Located just west of Shanghai, Rose Garden is a gated residential community developed by Greentown Group. At the center of the development, on an island surrounded by water, are the seven exclusive Rose Garden Villas. The architectural inspirations were the classical houses of Europe—18th-century French chateaux, Renaissance Italian villas and English Tudor manors. We designed five of the seven villas in a French style and two followed an Italianate theme.
This landmark 1925 Manhattan building by J. Edwin R. Carpenter was originally an apartment house before it was remodeled as a hotel. Our client, a real estate developer for whom we had designed a house in Los Angeles, purchased the hotel for conversion to a condominium. We created a new Park Avenue entry and lobby for the apartments while maintaining the original lobby space on East 65th Street for a restaurant. Working with the Landmarks Preservation Commission, we were able to design a new Park Avenue apartment entry and lobby that connects to the restored elevator lobby.

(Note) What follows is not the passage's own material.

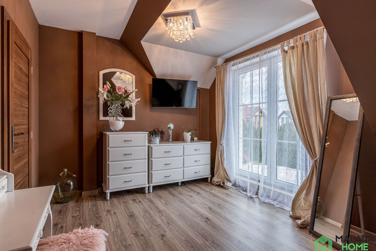 - 3 komfortowe sypialnie z czego jedna posiada balkon z widokiem na okoliczną zieleń.
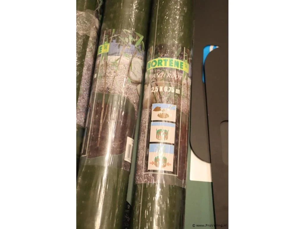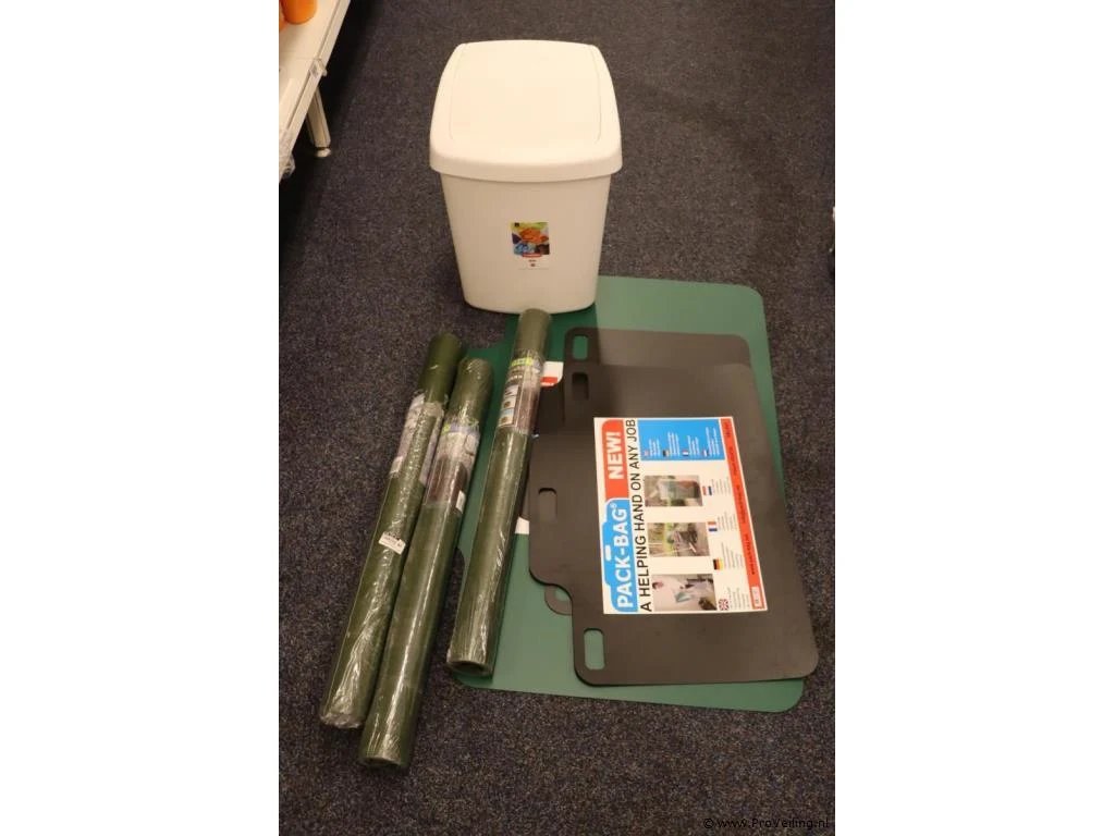 Partij diversen bestaande uit o.a. pack-bag, anti root 2,5x075m & Curver afvalbak; zie afbeeldingen.

Our new spaces, which were required to be distinct from the Italian pre-Renaissance elevator lobby design, were executed in the Georgian style—classical moldings, limestone walls, black and beige stone floors, raised-panel mahogany doors—found in many Upper East Side apartments that our client admired.
Floating alongside Maunaloa Bay, with panoramic views of Diamond Head, this Moroccan-inspired waterside estate cascades down four levels from an arrival pavilion and roof terrace to a private boat basin.
Drawing on the Moroccan and Orientalist aesthetic of such estates as Doris Duke’s Shangri-La, Villa Oasis and Majorelle (the Moroccan home and garden of Yves Saint Laurent) and the distinctive La Mamounia hotel in Marrakech, the estate’s architecture features arched pavilions and extensive use of plaster relief, tile and marble on the exterior and interiors, with expansive gardens and water features.
Located in the Los Angeles foothills, this house evokes the great French Riviera tradition of uniting the heritage of Parisian maisons with their formal massing and classical details, and the warm character of Provence, to create a modern Mediterranean villa for a young family. Walls of straw-colored plaster, golden French limestone trim, shuttered opening accents, and the classic Genoise eave and tile roof combine to bring the romance of Southern France to California.
This interpretation of a Japanese-inspired spa building provides a gym, massage, spa and furo bathing facility under the shade of two giant monkey pod trees above a waterfall that cascades down to the bay below.